* Exercise goal *
Look for the line with "Samen afzien schept"; please transcribe it and every later line in the entries exactly, up to the end, leaving pictures out.

Saved entries:

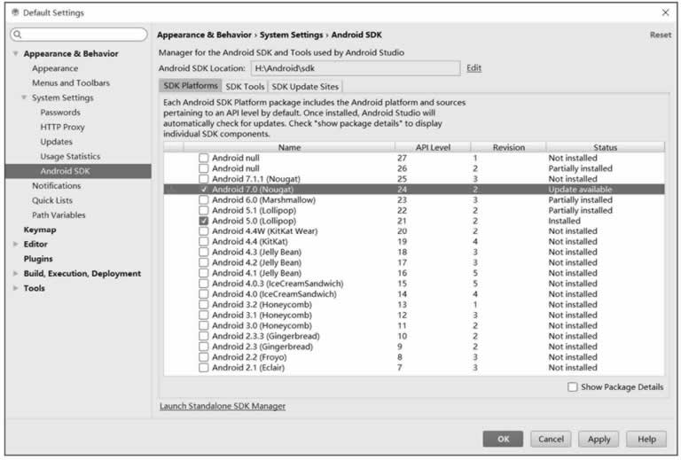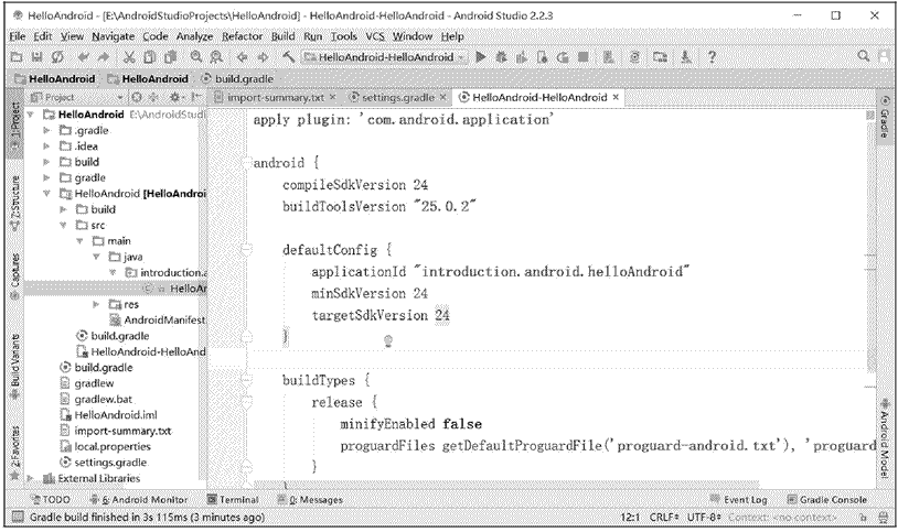本教程下载的是 Android 7.0 版本(API Level 24)。本教程使用官方推荐的 Android Studio 进行开发,版本号是 2.2.3,Gradle 版本是 2.3.3。
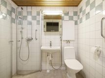 - Kylpyhuoneessa suihkuseinä, peilikaappi, pesukoneliitäntä, kiinteät valaisimet.
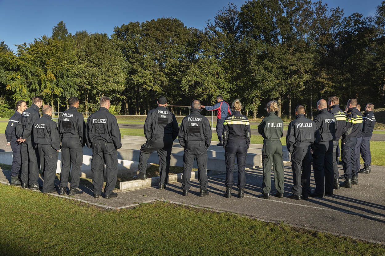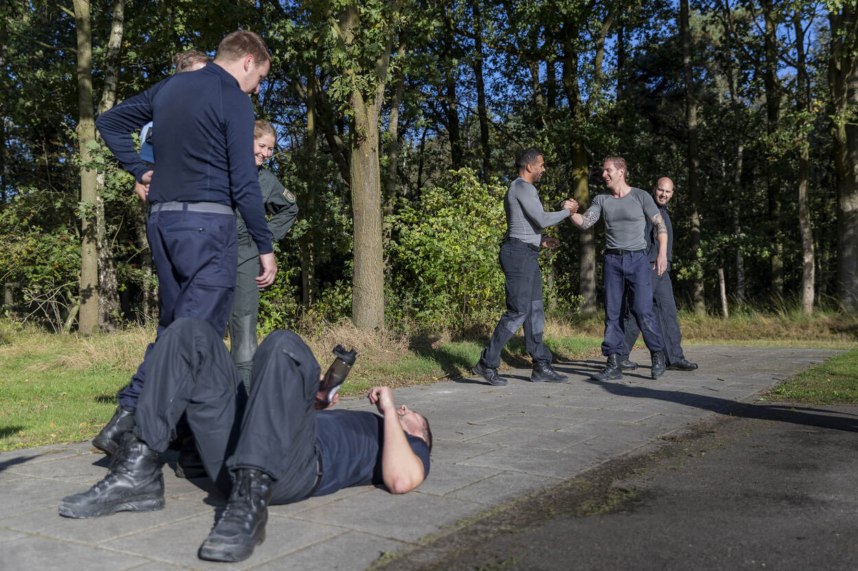 Samen afzien schept een band. Bij een onderlinge wedstrijd komt Bram (KMar) als 1e over de finish. Hij wordt sportief gefeliciteerd door zijn Duitse collega Simon, die als 2e eindigt.
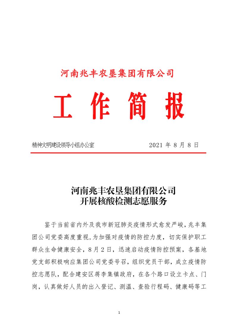 · 河南兆豐農墾集團有限公司 開展核酸檢測志愿服務
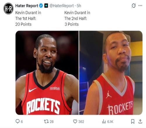 美媒Hater Report曬出杜蘭特上下半場(chǎng)的數(shù)據(jù),兩張對(duì)比圖其中下半場(chǎng)的是一位模仿KD的中國球迷。

* Written reply *
 Samen afzien schept een band. Bij een onderlinge wedstrijd komt Bram (KMar) als 1e over de finish. Hij wordt sportief gefeliciteerd door zijn Duitse collega Simon, die als 2e eindigt.
 · 河南兆豐農墾集團有限公司 開展核酸檢測志愿服務
 美媒Hater Report曬出杜蘭特上下半場(chǎng)的數(shù)據(jù),兩張對(duì)比圖其中下半場(chǎng)的是一位模仿KD的中國球迷。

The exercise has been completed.